In the blog challenge, the subject today was to answer the question "how do you choose the books you read?" Michelle Heatley has done an interesting post about this question, but she also mentions that books often just choose you and not the other way around.
I think this is possibly true. We frequently chance upon books that we haven't come across before or wouldn't even think of reading if they didn't present themselves to us. This is certainly true of many of the books I've read recently, but it's particularly so for me when it comes to boat books. My post yesterday described the book For Better for Worse. When I bought it, I was actually looking for a detective novel I could read on my holiday in France. I was at the airport in Bergerac waiting for my sister to pick me up, so I was browsing through the books they had on sale. I think I was just about to pick up an Ian Rankin novel or something similar when the cover of FBFW caught my eye. When I read the blurb, it was absolutely meant for me, I knew it. If this was not a book that leapt out, grabbed my hand and said "buy me", I can't think of another way of putting it.

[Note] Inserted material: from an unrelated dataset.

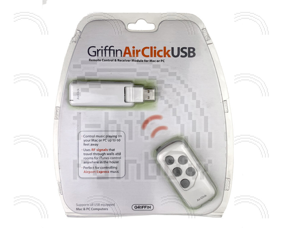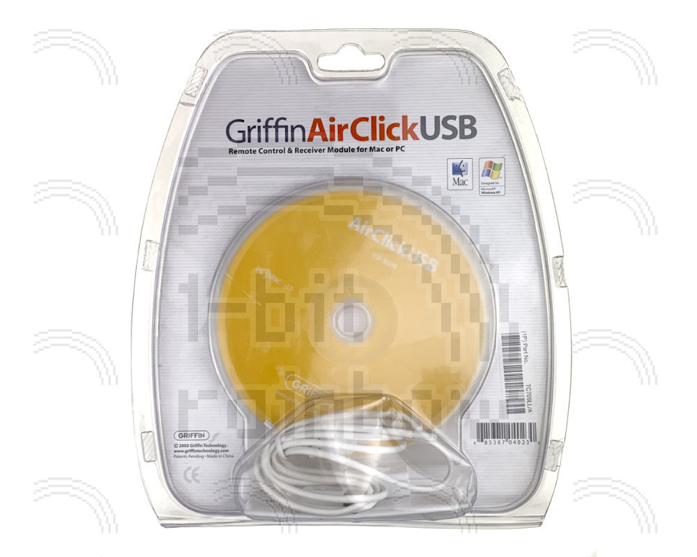 New old stock, Griffin AirClick USB, a USB receiver/remote-control combination that allows you to remotely control applications on your Mac or Windows PC via radio frequency (RF). Released in 2005, it includes the AirClick remote control (also found in Griffin’s other AirClick products), the AirClick receiver module, which is a bit wider and thicker than a USB key drive; a CD that contains versions of the AirClick USB software for Mac and Windows; and a USB extension cable.

It was much like that with my barge, the Vereeniging. As I have said in a previous post, it was presented to me as a 'what about this' possibility, but it was only when I saw it and discovered what its name was, I knew I had been chosen. I think, in fact I know, I have mentioned before that Vereeniging is a town in South Africa for which I have a particular fondness. However, I'd never seen a barge with that name anywhere in the Netherlands before, and that coupled with its 'buy me' grace and elegance was what conquered me. I had no choice!
Now I realise buying a book is not quite the same as buying a boat, but you'll forgive me if I get them intertwined a bit. I'm so busy with both activities (some might say obsessions) that it's hard to separate them - this is especially the case now as I work at writing the story of the Vereeniging for my next book!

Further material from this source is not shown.